Le vieux général et le compte


En Russie peu avant l'horrible campagne militaire entre Napoleon et la Russie en 1812, deux hommes militaires de haut-rang, un compte et le gouverneur militaire de Moscou et l'autre un général, parolaient au sujet de l'existence de Dieu, de la vie après la mort et de l'enfer. Ils ont fait une "promesse d'honneur" : s'il y avait un enfer, le premier là viendrait pour informer l'autre.

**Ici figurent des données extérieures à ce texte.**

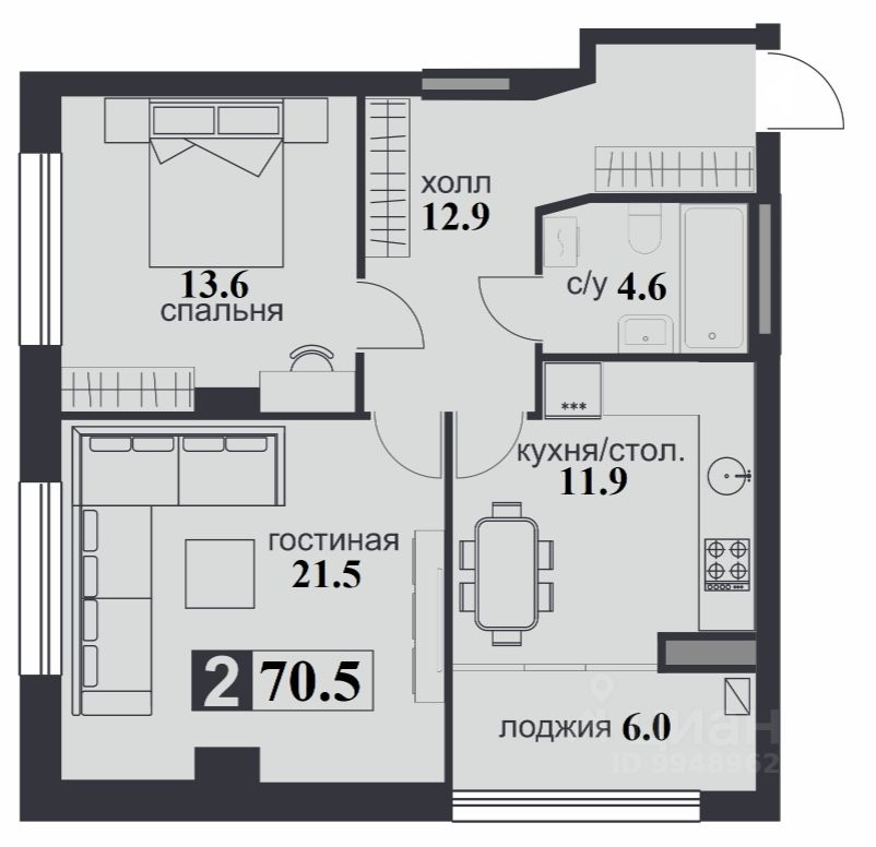 70 м² · Этаж 9 из 12

Quelques semaines plus tard, le général est parti pour la guerre. Pendant un matin, le compte était dans le lit, le général s'est soudainement apparu avant lui, pâle, avec sa main droite sur son sein, déclarant :

"Qu'est ce-que faisons-nous maintenant ? Il y a un enfer et je suis là ! Qu'est ce-que nous faisons maintenant?"

Et alors il a disparu.

Le compte a informé aux amis ce que s'était produit.

Deux semaines plus tard, a été reçu à Moscou la nouvelle de que le général était morte dans la bataille sur le même jour et à l'heure même qu'il s'est apparu au compte. Il avait gardé son mot d'honneur : L'enfer existe.







Le jeune seigneur et sa maîtresse


À Londres pendant l'hiver de 1847-1848, une jeune veuve riche de 20 années s'est soudainement trouvée dans un rapport illicite avec un jeune seigneur.

Une nuite, elle était tombée en sommeil, une lueur vacillante de lumière commence a se développer et augmenter à sa porte. À son étonnement la porte a commencé à s'ouvrir lentement, et il était le jeune seigneur. Il s'est approché, a saisi le poignet gauche, et a sifflé :

"Il y a un enfer."

La douleur dans son poignet était si grand qu'elle avait perdue la conscience.

Quand elle est reveillè, elle avait une brûlure terrible dans son poignet vers le bas à son os.

Le tapis également a été roussi où ses marchepieds étaient venus et avaient disparu.

Le jour suivant elle savait que la nuit avant, son seigneur avait été trouvé ivre et était morte dans des bras de ses domestiques.

Elle apparemment a vécu le reste de sa vie avec sa cicatrice carbonisée comme rappel.